◆ **Task input**
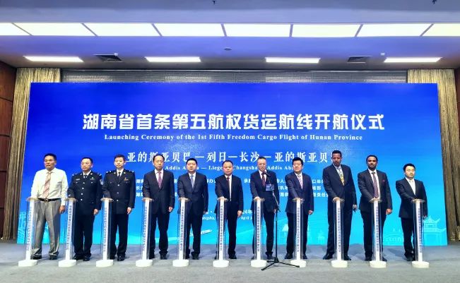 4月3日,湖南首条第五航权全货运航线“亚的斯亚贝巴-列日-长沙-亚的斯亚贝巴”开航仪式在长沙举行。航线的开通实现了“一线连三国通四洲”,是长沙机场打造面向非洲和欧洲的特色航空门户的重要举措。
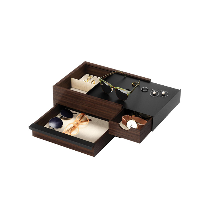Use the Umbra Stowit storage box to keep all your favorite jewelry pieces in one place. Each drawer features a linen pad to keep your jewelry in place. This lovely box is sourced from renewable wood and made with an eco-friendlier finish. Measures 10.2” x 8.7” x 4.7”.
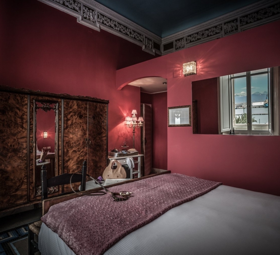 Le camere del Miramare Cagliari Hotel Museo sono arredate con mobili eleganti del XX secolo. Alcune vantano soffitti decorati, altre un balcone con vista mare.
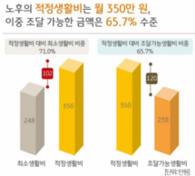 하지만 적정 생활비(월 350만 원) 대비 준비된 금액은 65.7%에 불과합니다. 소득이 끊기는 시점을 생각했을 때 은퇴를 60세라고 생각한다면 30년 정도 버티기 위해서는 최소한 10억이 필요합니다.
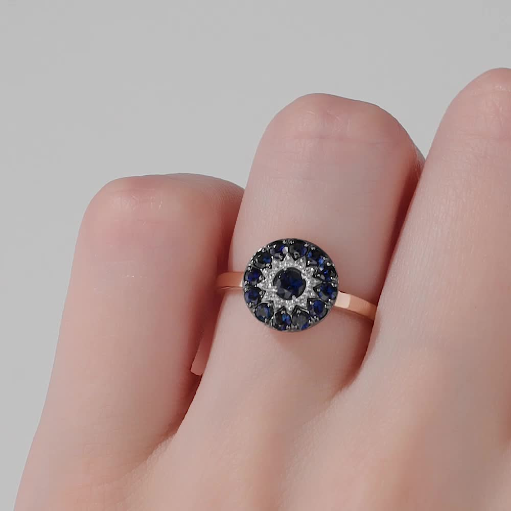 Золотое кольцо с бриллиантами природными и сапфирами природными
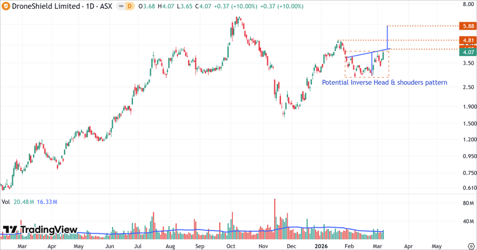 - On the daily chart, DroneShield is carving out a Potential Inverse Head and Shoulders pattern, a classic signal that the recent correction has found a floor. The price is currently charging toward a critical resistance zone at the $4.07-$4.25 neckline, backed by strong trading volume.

◆ **Directions**
Copy out each line of the data exactly as it reads; skip the pictures.

◆ **Result for this exercise**
 4月3日,湖南首条第五航权全货运航线“亚的斯亚贝巴-列日-长沙-亚的斯亚贝巴”开航仪式在长沙举行。航线的开通实现了“一线连三国通四洲”,是长沙机场打造面向非洲和欧洲的特色航空门户的重要举措。
Use the Umbra Stowit storage box to keep all your favorite jewelry pieces in one place. Each drawer features a linen pad to keep your jewelry in place. This lovely box is sourced from renewable wood and made with an eco-friendlier finish. Measures 10.2” x 8.7” x 4.7”.
 Le camere del Miramare Cagliari Hotel Museo sono arredate con mobili eleganti del XX secolo. Alcune vantano soffitti decorati, altre un balcone con vista mare.
 하지만 적정 생활비(월 350만 원) 대비 준비된 금액은 65.7%에 불과합니다. 소득이 끊기는 시점을 생각했을 때 은퇴를 60세라고 생각한다면 30년 정도 버티기 위해서는 최소한 10억이 필요합니다.
 Золотое кольцо с бриллиантами природными и сапфирами природными
 - On the daily chart, DroneShield is carving out a Potential Inverse Head and Shoulders pattern, a classic signal that the recent correction has found a floor. The price is currently charging toward a critical resistance zone at the $4.07-$4.25 neckline, backed by strong trading volume.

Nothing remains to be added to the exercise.